Configure GPIO (Hifive1 Rev B)

Hi Folks,

I’ve read through the GPIO chapter in the FE310-G002 manual multiple times, but I’m still a little confused.

The base address for the GPIO controller is 0x10012000, the memory map for all of the GPIO control registers is 64 bytes (32 bits per register)…

Does that mean each GPIO pin has 64 bytes of control registers? So…the base address for the next GPIO pin would be (0x10012000 + 0x40), then the next pin would be (0x10012000 + (0x40 * 0x02))?
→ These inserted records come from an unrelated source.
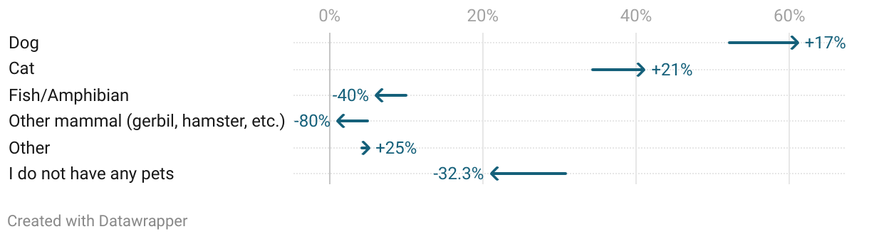 Q: Do you have any pets? — (% difference from 2018 to 2025 among 18-34 year olds)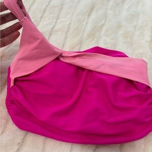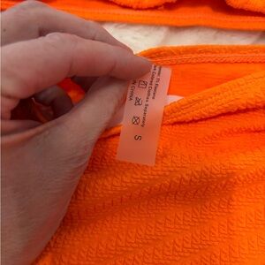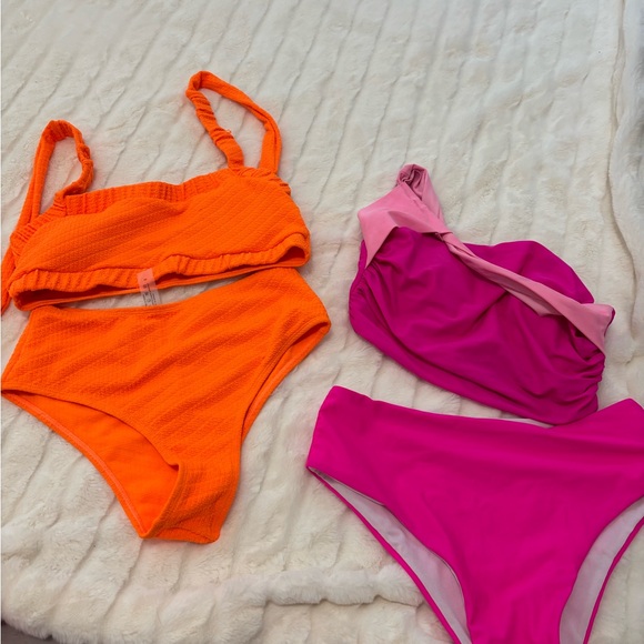 Bright orange bikini top and bottom with a textured design. Includes a pink bikini set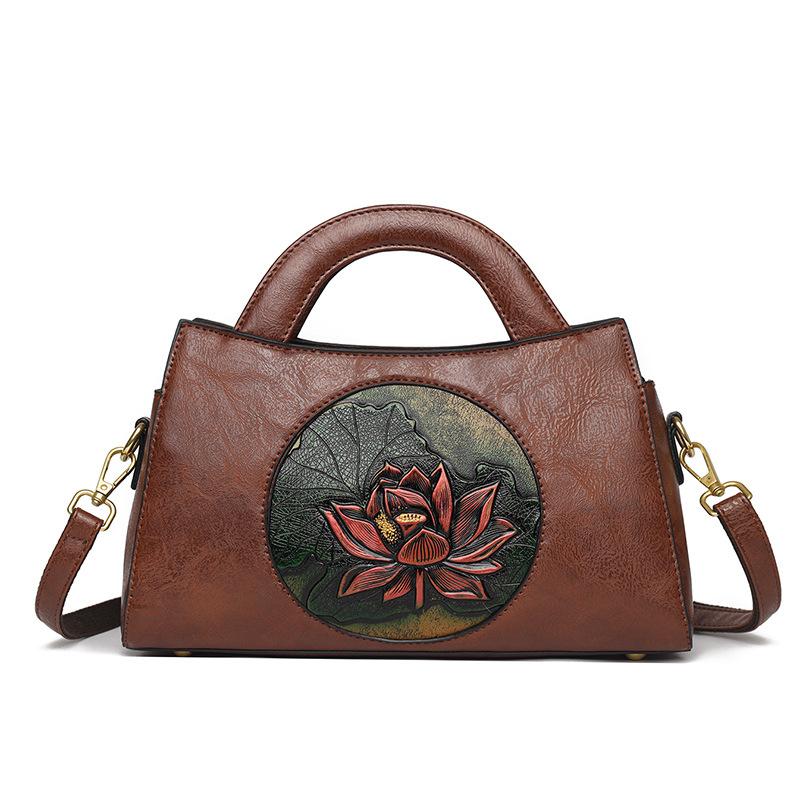Премиальная текстура большой емкости винтажная китайская резная сумка - тисненая этническая сумка через плечо для женщин

Is that the correct understanding?

My next question is regarding the Freedom Metal function, metal_gpio_enable_pinmux. Can that function be used to modify any of the GPIO control registers? Or just enable the IOF feature (SPI, PWM, etc) of the pin?

Thanks!

If anyone else is unsure about this, the metal_gpio_enable_pinmux function can be used to modify GPIO control registers. I first thought the metal_gpio_*_pinmux functions were for disabling and selecting the IOF (SPI, PWM, etc) for the pin.
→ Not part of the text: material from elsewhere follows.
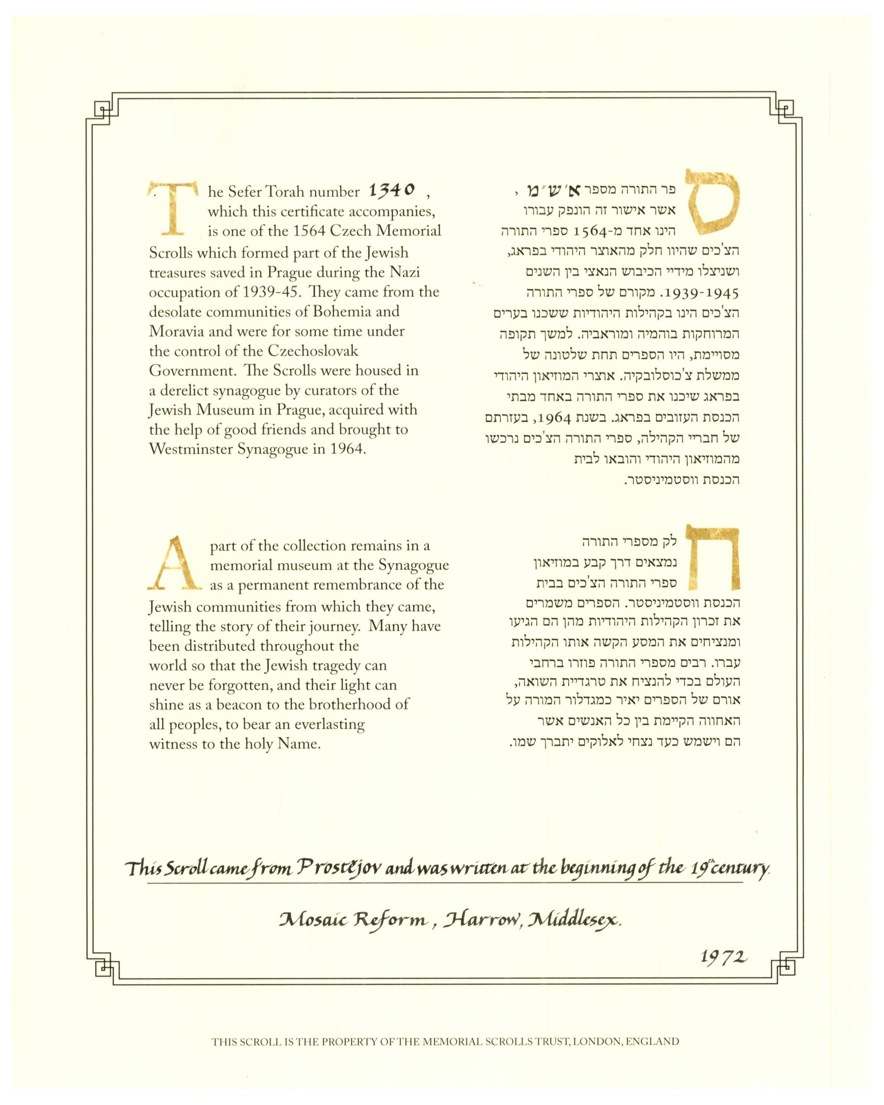 The original catalogue number, 1340, which is still visible on the wood of the left Eitz Chayyim (pole), links Mosaic Reformâs Scroll to Prostejov, a rather picturesque town in Moravia’s Hana region near the town of Olomouc (about 30 miles north-east of Brno, the capital of Moravia), on a key trade route connecting Europeâs south with Europeâs north, which made it an important centre of culture, trade, and industry.

I verified this by using the function to enable the internal pull up resister for a GPIO, (e.g. metal_gpio_enable_pinmux(btn, 1, METAL_SIFIVE_GPIO0_PUE)). You can find constants for the GPIO control registers inside of <metal/machine/platform.h>.

I personally think the documentation for Freedom Metal a bit lacking, things like this are not very clear, maybe it’s my lack of experience with embedded development to blame. Either way, digging through the Freedom Metal source tends to be more helpful.

Hi! Yes, it is a little confusing at first, I agree.

There are 17 words of control registers, each word being 32 bits (unsigned int, or uint32_t). Each bit corresponds to a GPIO pin, so there are 17 control registers for each pin.

When changing one of the bits of a control register it is important not to change any of the other bits that you don’t want to change. Hence, a read-modify-write paradigm such as *input_en |= (0x1UL << pin) would set the pinth bit of GPIO_INPUT_EN, where input_en = (uint32_t *) (0x10012000 + 0x04). There are some nice assembly instructions for doing this atomically. See amoand, amoor; and the conjugate pair of instructions lr and sc.

Here is a sketch below to see a graphical representation of the I/O pins:

image1970×1280 299 KB

Although some of the GPIO pins are not physically accessible, they all can be written to and read from. Thus, for example, one could use these hidden “pins” as single-bit memory locations.

The metal_gpio_enable_pinmux() basically does two things: first, it either sets or clears the appropriate bit of GPIO_IOF_SEL depending on pinmux()'s third argument; second, it sets the appropriate bit of GPIO_IOF_EN. In other words, either
GPIO_IOF_SEL &= ~(1 << pin)
or
GPIO_IOF_SEL |= (1 << pin)
and then followed by
GPIO_IOF_EN |= (1 << pin)

The metal_gpio_disable_pinmux() clears the appropriate bit of GPIO_IOF_EN, as in
GPIO_IOF_EN &= ~(1 << pin)

These functions act through enable_io() and disable_io(), their source can be found at the path freedom-e-sdk/freedom-metal/src/drivers/sifive_gpio0.c

For each of the other metal_gpio_… functions in <metal/gpio.h>,
enable_input() and disable_input() effect changes on GPIO_INPUT_EN.
enable_output() and disable_output() control GPIO_OUTPUT_EN.
get_input_pin() reads from GPIO_INPUT_VAL, while
get_output_pin() reads from GPIO_OUTPUT_VAL.
set_pin() and clear_pin() effect changes on GPIO_OUTPUT_VAL.
toggle_pin() writes to GPIO_OUTPUT_VAL.
get_interrupt_id() reads from the GPIO_…IP status register,
config_interrupt() sets the GPIO…IE control register, and
clear_interrupt() writes to the GPIO…_IP status register.

It seems that there are no gpio_metal_… functions to access or control the registers GPIO_PUE, GPIO_DS, and GPIO_OUT_XOR.

When perusing the sources, it is helpful to note that the “common” header files are under freedom-e-sdk/freedom-metal/metal, whereas the actual source files are under freedom-e-sdk/freedom-metal/src. The “specific” header files are under, for example, freedom-e-sdk/bsp/sifive-hifive1-revb, with a “metal-” prefix on their filenames, which get built up by the makefiles during the installation process.